As a frequent visitor to zoos I cannot stand strollers and wagons. I’m not saying not to bring them or use them…with young children you need them! All I’m asking is you be mindful of them.

  • Do not block walkways and pathways – especially on busy summer days it is very frustrating to other visitors when a wagon is blocking half the walkway! Put it on the grass to the side or at least running the same direction as the walkway, not sticking out into the middle!
  • Watch for signs – many pavilions do not allow strollers due to the restricted areas inside to begin with.
  • Bring only what you need – I’ve seen families with two kids and the parents are carting around a huge stroller, a wagon, and three backpacks! There is no need for that much stuff! Not only is it frustrating for everyone else trying to maneuver around you, but what an exhausting day for the parents!

And last but not least…

  • DO NOT USE YOUR STROLLER AS A BULLDOZER! I understand your child wants to see the animals, but maybe it’s a good opportunity to teach patience to your children. Everybody else there paid money to see the exhibits as well, even though I’m over the age of 10 doesn’t mean I don’t get just as exited when the polar bears are playing in the water!
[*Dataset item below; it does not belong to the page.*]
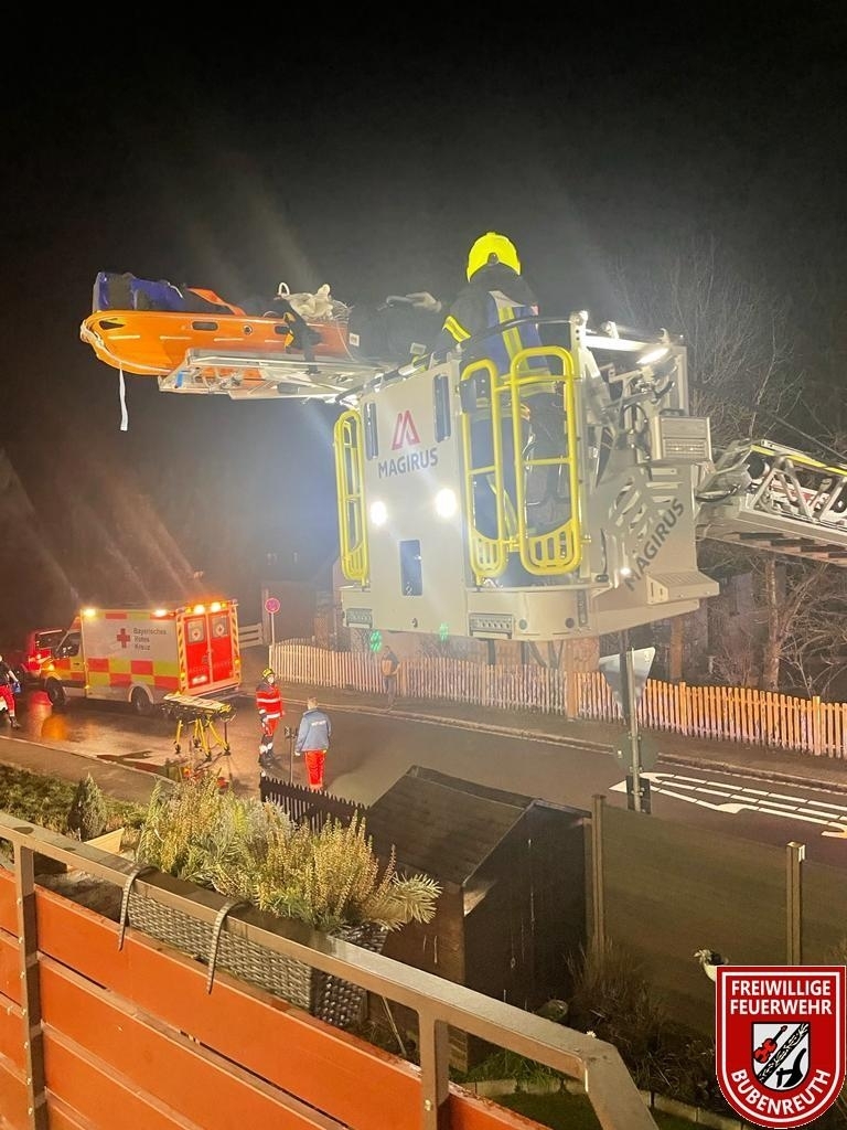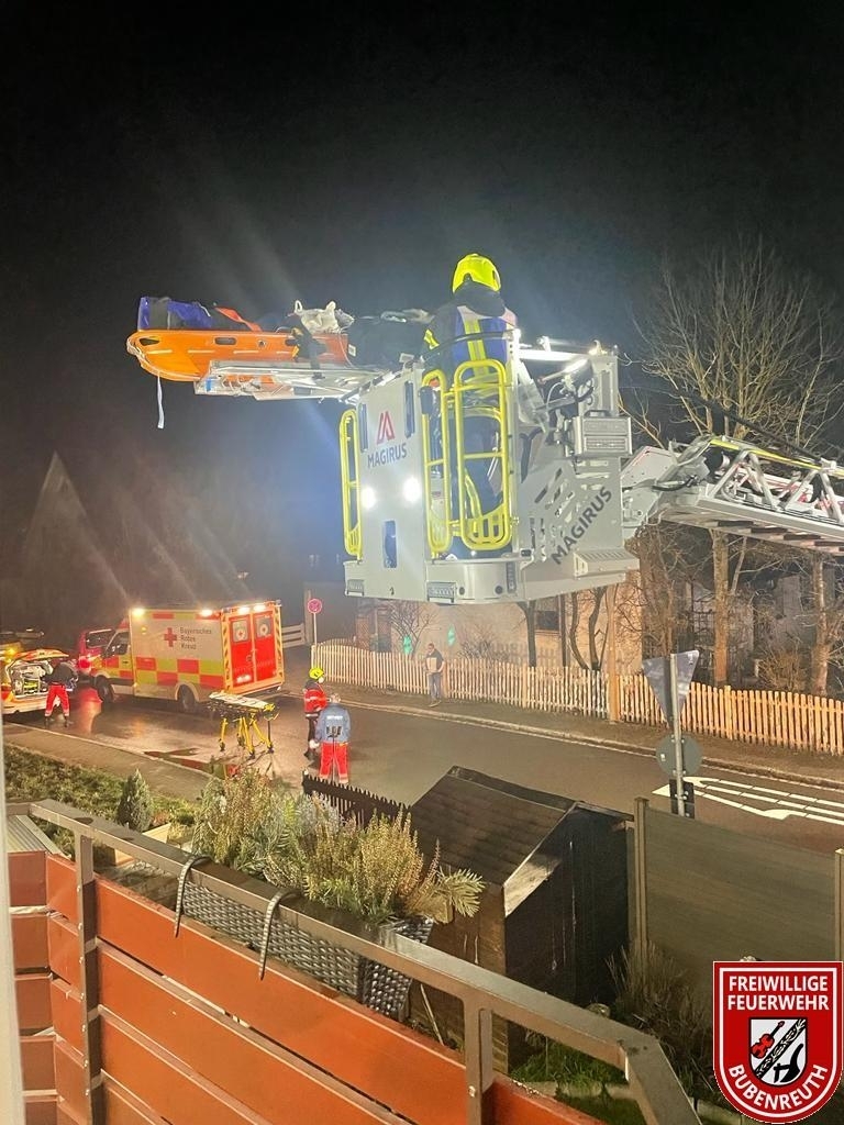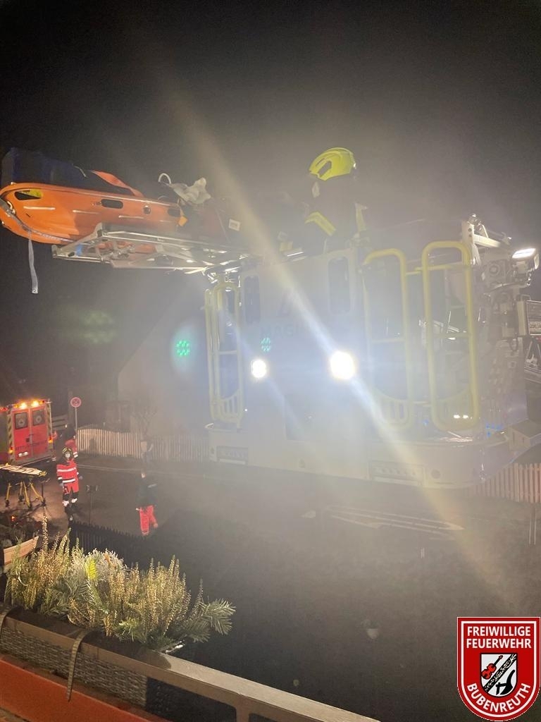 Die Leitstelle Nürnberg alarmierte am 22.02.2022 um 20:05 Uhr den First Responder Bubenreuth gemeinsam mit einem Rettungswagen und dem Notarzt in die Hauptstraße zu einem internistischen Notarzteisatz. An der Einsatzstelle fanden wir einen kritischen Patienten vor, welcher nach sofortiger Stabilisation der Vitalfunktionen in ein nahegelegenes Krankenhaus transportiert werden musste. Da sich der Transport durch das enge Treppenhaus schwierig gestalten würde, entschieden die Rettungskräfte die Drehleiter der Feuerwehr Bubenreuth zur schonenden Rettung anzufordern.

Countless times I have felt the pressure to move out of the way after a brief look into an exhibit because the person behind me is continuously bumping me with their stroller or making overly loud comments about how if people moved their child could see – only to move out of the way and discover their child is sound asleep!
  • A better solution? If there is more than one adult have one hang back out of the way with the belongings and have one parent take the children up to see the animals.

If you are already mindful of your strollers and wagons I thank you. I am not by any means saying every person with a stroller in a zoo is a jerk! And seeing how I do not have children I don’t really know what it is like trying to cart around a child in a busy location…but I do know what it’s like as a frustrated fellow visitor.